Confronting shame in Slovakia
Speaking grace into student life and culture
My phone buzzed. A Christian student messaged me, saying that she needed to speak to me urgently. “When you hear what I’ve done, there’s no way you’ll want to have anything to do with me”, she warned me. It didn’t take much for me to sense what had happened. A year ago, I’d had a similar conversation with another girl.
So we agreed to meet in a café. I bought her a hot chocolate and something to eat. Before we even started, it was clear what was going on; my intuition hadn’t let me down. Because of my own shameful past (and at times present) I can sense shame a mile away. It is like an invisible, heavy trench coat weighing someone down. The girl was hunched up, eyes down, shoulders slumped, staring somewhere between the edge of the table and the floor as she told me her story.
Will the gospel be enough? Is Jesus sufficient? What can I offer her? She has been clothing herself in shame every morning for the last few days. Moralizing won’t help her. She doesn’t need another lecture. Other Christians she’s told have taken that approach already. She’s well aware that she’s messed up. If I remind her another three times, maybe she won’t get out of bed tomorrow morning. The coat of shame will be too heavy.
What should I say?
Student ministry in Slovakia
It’s not just the two of us who are familiar with the feeling of shame. Shame is a strong influence throughout society here in Slovakia. Sometimes people feel it even when they haven’t done anything wrong. Like when people become Christians, for example. Though there is religious freedom in this country, those who profess faith in Christ bring shame on themselves and on their family, in the eyes of their community.
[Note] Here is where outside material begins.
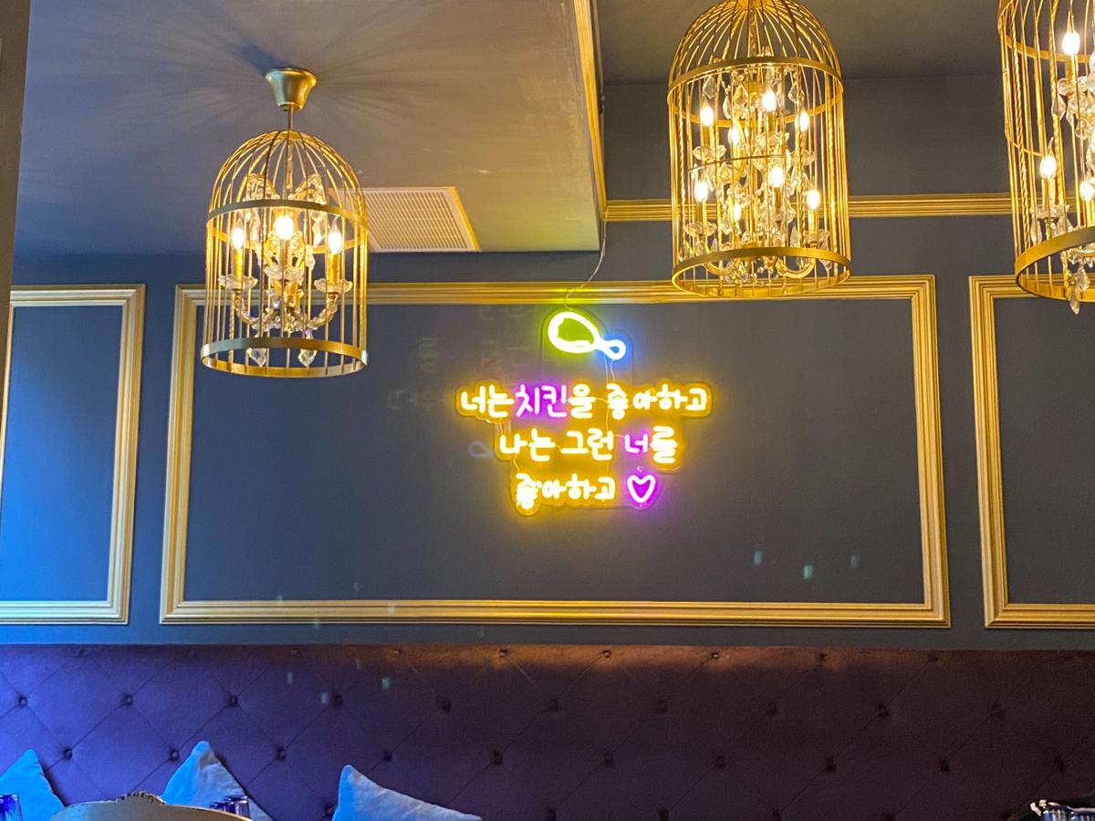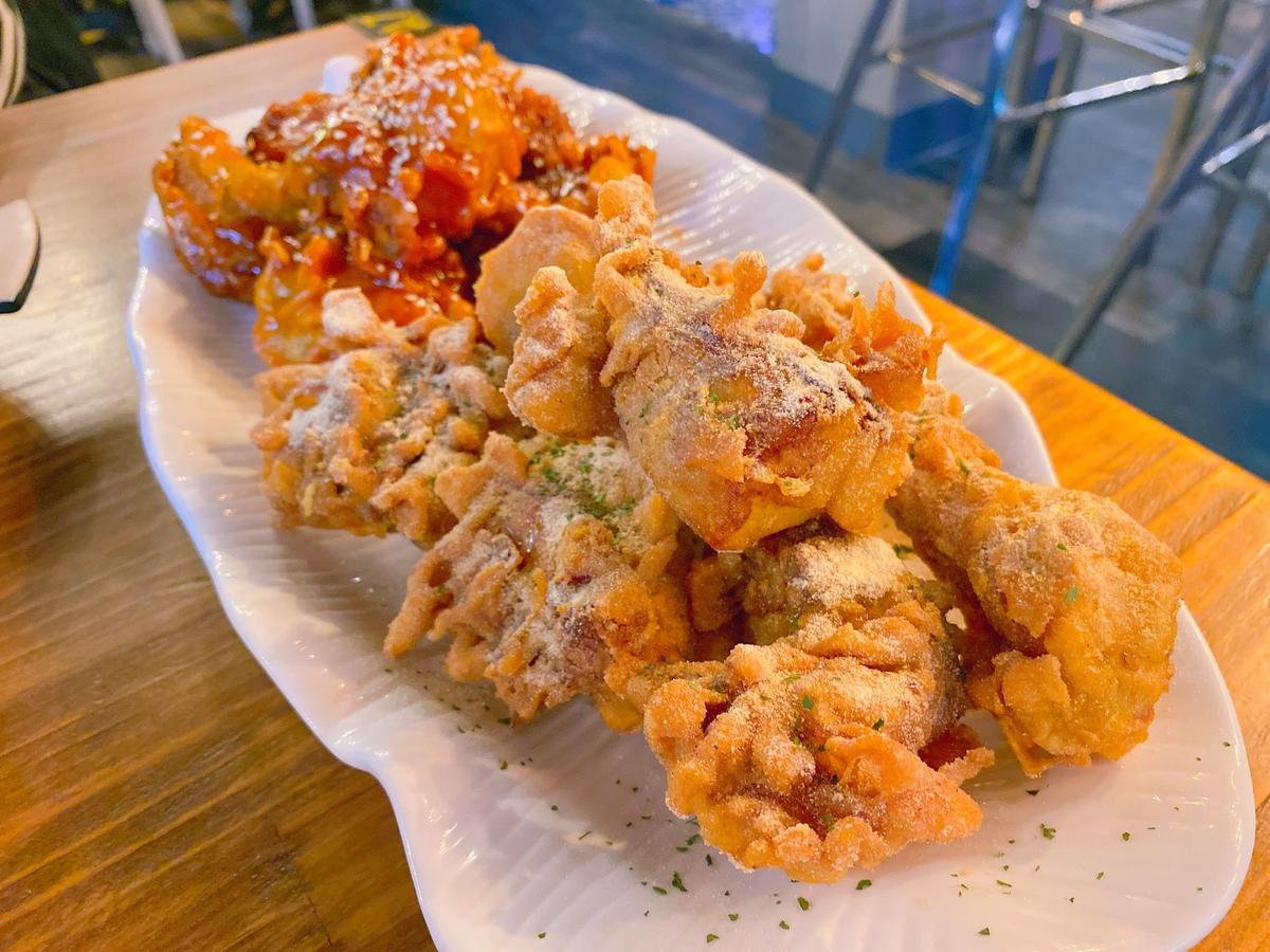 #半半炸雞 $520 #招牌洋釀 就是經典的韓式醬汁,沒有選辣味的,所以偏甜; #起司 我以為是淋起司醬結果是起司粉!炸雞的外皮酥酥脆脆的配上起司粉超像在吃洋芋片!雞肉不柴,蠻嫩的。

One student became a Christian last summer. Everyone started gossiping about it. Back in her home town, it was common knowledge that she’d stopped going to Mass; she’d turned her back on Catholicism. Her mother took her to a Catholic exorcist. He pronounced her to have the demon of Protestantism.
Another student became a Christian recently. There’s no evangelical church in her village, and she was scared to go to church with me in the city. She didn’t want to bring shame on her family.
Conversion is not dangerous as it is in some countries. But the shame of being rejected by your community is powerful. The fear of disappointing your family is real. In my case, for example, since becoming a Christian 12 years ago, my grandma has refused to speak to me. So it’s easy to carry a sense of shame projected on to you by family, friends and society.
How the gospel deals with our shame
So what does the gospel have to say to Christians in a shame-based culture? To the student ashamed of her past? To the student accused of having an evil spirit? To the student afraid of going to church? To the staff worker rejected by her grandma?
The gospel gives us the medicine we all need: God’s grace. Grace to cleanse our consciences. Grace to withstand the sting of rejection and the temptation to fit in. Grace to know that we are not defined by what others think of us, but by our new identity in Christ. We might be plagued by our shameful past; or as Christians we might be considered shameful by society. But in Christ we can know complete freedom from shame.
Back to the café. I looked at the broken student opposite, and saw myself. I knew what she needed to hear. Grace. Grace that speaks forgiveness and wholeness and restoration with God our Father through the cross of Christ.
“Cleanse me with hyssop, and I will be clean;
wash me, and I will be whiter than snow.” Psalm 51:7 [NIV]
So we prayed. We read psalms. We talked. We reflected on the truth that Jesus has the power to repair depraved hearts and make us whiter than snow. We thanked God for His grace that takes away our shame, and clothes us with honour.